Exercise brief:
The copy you give must match the lines from the top of the data through the line containing "Discover modern living" exactly, and it must hold no pictures.

Source data:
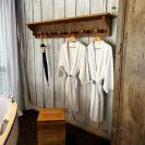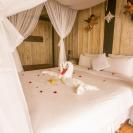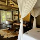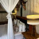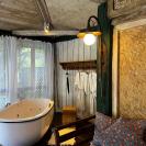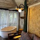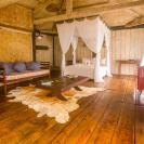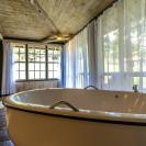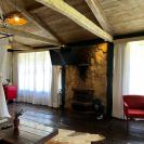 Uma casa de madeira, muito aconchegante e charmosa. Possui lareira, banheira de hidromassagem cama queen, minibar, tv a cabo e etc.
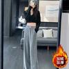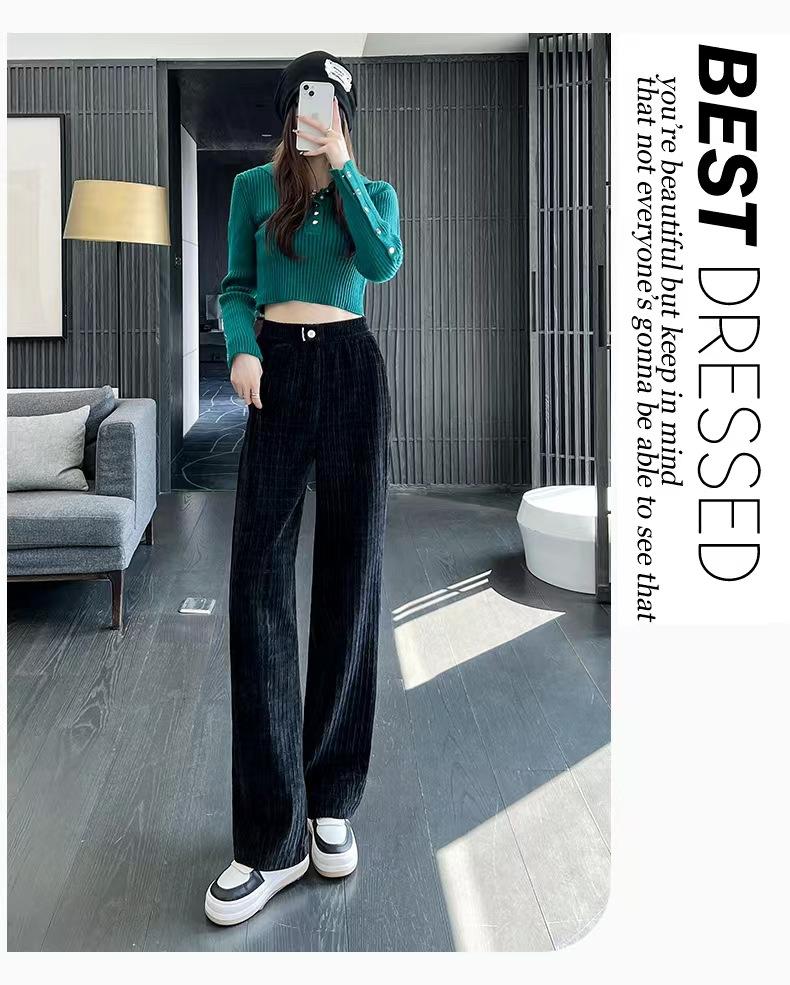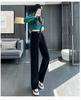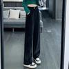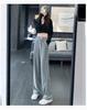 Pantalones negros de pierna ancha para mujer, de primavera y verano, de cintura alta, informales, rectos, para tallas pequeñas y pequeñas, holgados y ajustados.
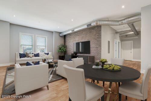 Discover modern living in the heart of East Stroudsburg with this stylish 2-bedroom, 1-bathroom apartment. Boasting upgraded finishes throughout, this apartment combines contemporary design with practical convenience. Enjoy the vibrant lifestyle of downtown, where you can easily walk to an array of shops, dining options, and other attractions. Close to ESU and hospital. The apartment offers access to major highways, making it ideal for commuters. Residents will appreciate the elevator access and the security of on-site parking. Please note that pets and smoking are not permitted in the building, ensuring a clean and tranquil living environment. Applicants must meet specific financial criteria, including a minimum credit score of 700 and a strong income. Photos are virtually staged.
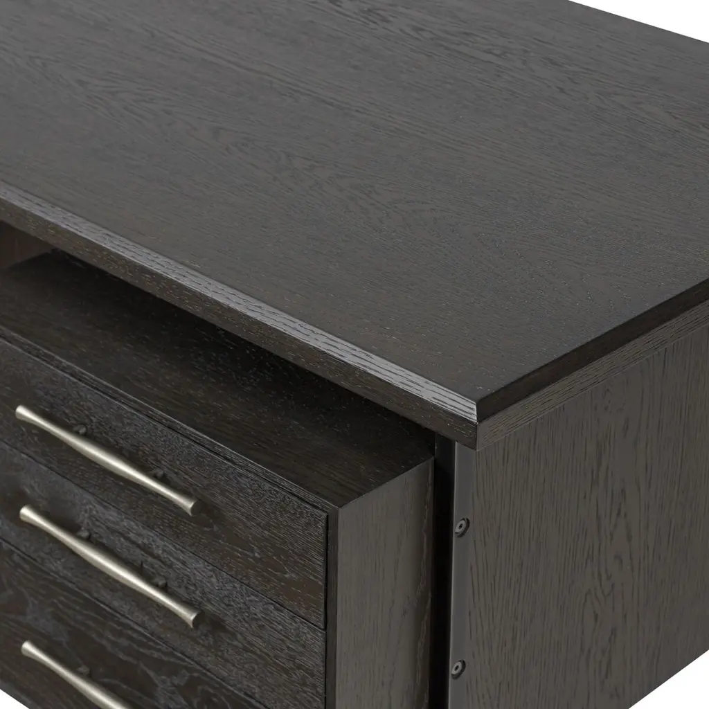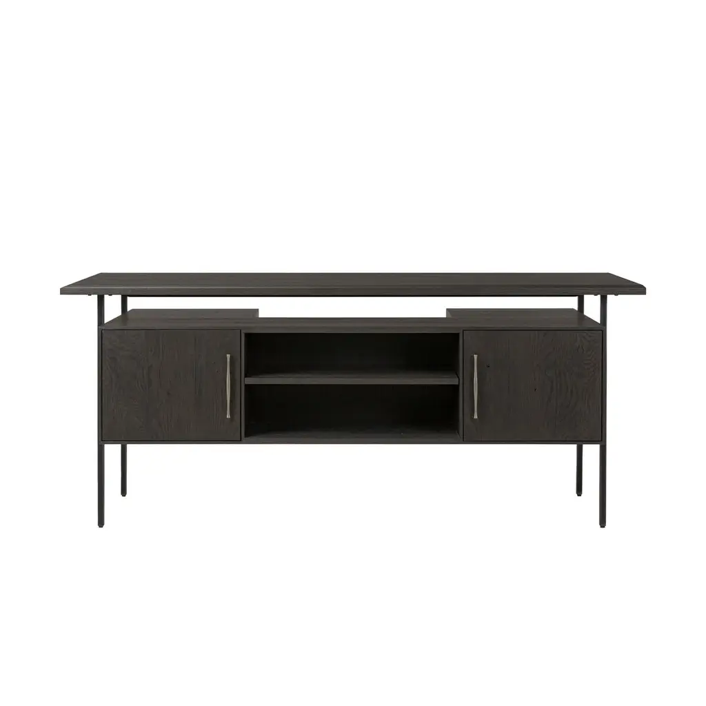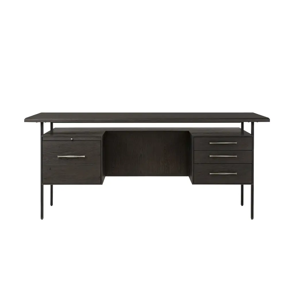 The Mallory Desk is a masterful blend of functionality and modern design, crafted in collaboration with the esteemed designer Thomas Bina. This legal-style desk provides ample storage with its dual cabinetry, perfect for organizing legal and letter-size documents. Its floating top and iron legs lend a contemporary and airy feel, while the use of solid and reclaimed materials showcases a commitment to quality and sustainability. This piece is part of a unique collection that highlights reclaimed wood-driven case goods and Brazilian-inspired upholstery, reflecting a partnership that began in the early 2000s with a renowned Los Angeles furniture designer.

Problem solution:
 Uma casa de madeira, muito aconchegante e charmosa. Possui lareira, banheira de hidromassagem cama queen, minibar, tv a cabo e etc.
 Pantalones negros de pierna ancha para mujer, de primavera y verano, de cintura alta, informales, rectos, para tallas pequeñas y pequeñas, holgados y ajustados.
 Discover modern living in the heart of East Stroudsburg with this stylish 2-bedroom, 1-bathroom apartment. Boasting upgraded finishes throughout, this apartment combines contemporary design with practical convenience. Enjoy the vibrant lifestyle of downtown, where you can easily walk to an array of shops, dining options, and other attractions. Close to ESU and hospital. The apartment offers access to major highways, making it ideal for commuters. Residents will appreciate the elevator access and the security of on-site parking. Please note that pets and smoking are not permitted in the building, ensuring a clean and tranquil living environment. Applicants must meet specific financial criteria, including a minimum credit score of 700 and a strong income. Photos are virtually staged.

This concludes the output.